Reading incremental PDFs returns wrong (first) object per object number
I use pypdf to open pdf file that contains attachments and save to a new file. I found that new file does not have attachments.
Environment
$ python -m platform
Linux-6.14.9-orbstack-gd9e87d038362-aarch64-with-glibc2.36
$ python -c "import pypdf;print(pypdf._debug_versions)"
pypdf==5.6.0, crypt_provider=('cryptography', '42.0.8'), PIL=10.4.0
Code + PDF
This is a minimal, complete example that shows the issue:
with open("/opt/app/file.pdf", "rb") as f:
pdf_base = f.read()
pdf_base = PdfWriter(clone_from=pdf_base)
output_iostream = io.BytesIO()
pdf_base.write(output_iostream)
with output_iostream:
output_iostream.seek(0)
pdf_bytes = output_iostream.getvalue()
with open("/opt/output.pdf", "wb") as f:
f.write(pdf_bytes)
This is my sample pdf file that have the issue original.pdf
Problem
pdf output does not have attachments
Expected Result
pdf output should have attachments
Thanks for the report.
This is not related to the writer, but a general issue with the PDF file and how it is processed, where we are not even detecting the attachments:
from pypdf import PdfReader
reader = PdfReader("missing_attachment.pdf")
print(list(reader.attachment_list))
The catalog looks okay:
{'/Type': '/Catalog', '/Version': '/1.7', '/Pages': IndirectObject(2, 0, 140080531858448), '/Metadata': IndirectObject(21, 0, 140080531858448), '/Outlines': IndirectObject(22, 0, 140080531858448), '/Names': IndirectObject(26, 0, 140080531858448)}
The /Names for the embedded files point to object 26, which occurs three times inside the document due to the PDF being an incremental one. We currently only read the first one, which is a cross-reference dictionary:
26 0 obj
<<
/Length 76
/Root 1 0 R
/Info 24 0 R
/ID [<BE09E22BADBF38EEDC41DE6FC461296B> <BE09E22BADBF38EEDC41DE6FC461296B>]
/Type /XRef
/Size 27
/Index [0 26]
/W [1 2 1]
/Filter /FlateDecode
>>
...
endobj
We should read the second one instead:
26 0 obj
<<
/EmbeddedFiles 27 0 R
>>
endobj
Nevertheless, we have a third definition of the same object which now represents a content stream:
26 0 obj
<<
/Length 24006
/Filter /FlateDecode
/Length1 52696
>>
stream
...
endstream
endobj
As far as I understand section 7.5.6 of the PDF 2.0 specification, we should not read the first object, but the last, if there are duplicates.
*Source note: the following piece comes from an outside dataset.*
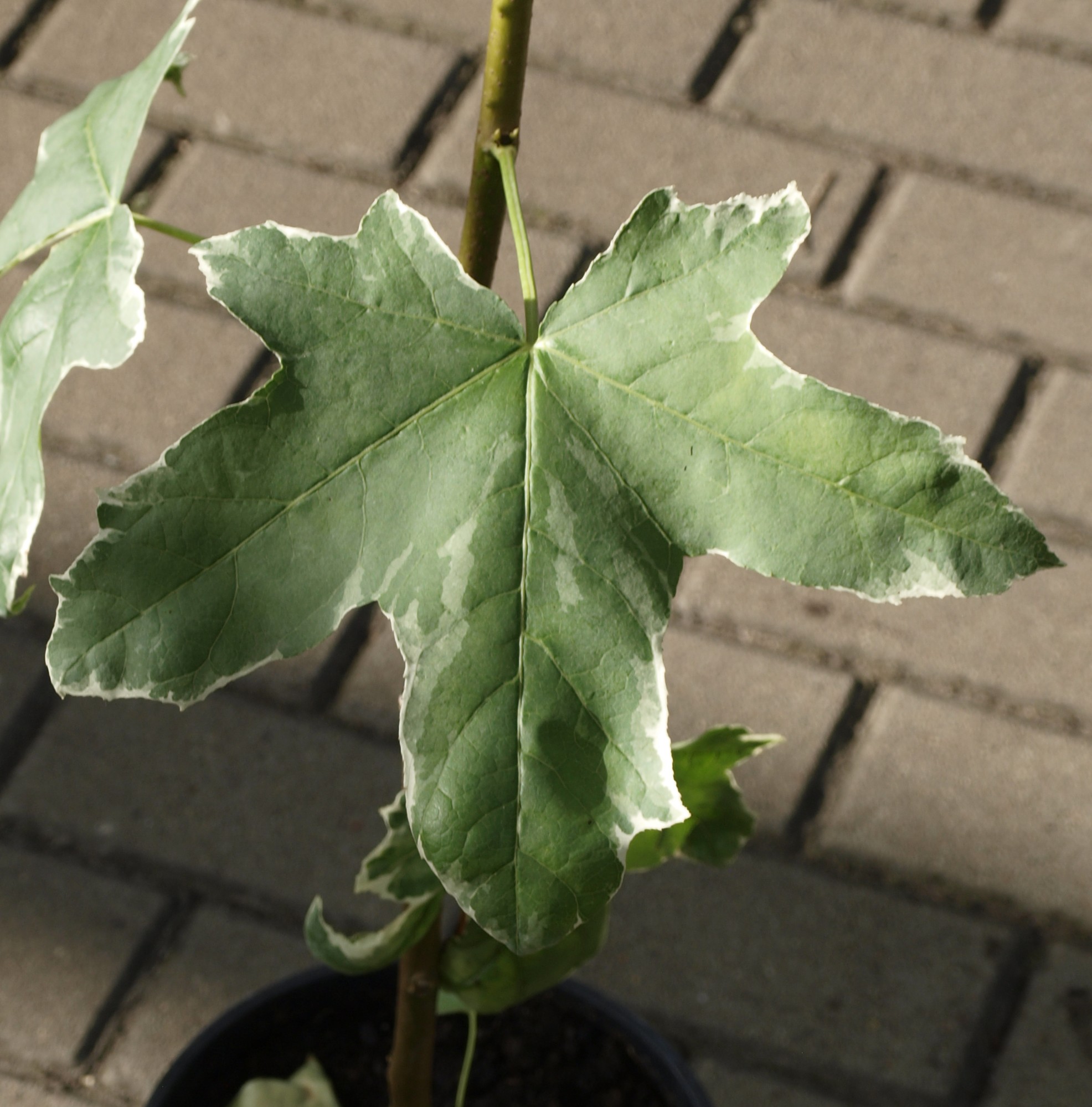 Ambrowiec amerykański 'Silver King' w doniczce zielono-biały liść

This would not solve your issue with the attachments as this would read the third version with the content stream, but at least satisfy the specification.
Properly implementing support for incremental files probably requires some more analysis and efforts as far as I can see. I am open to proposals and PRs attempting to tackle this, if necessary in steps.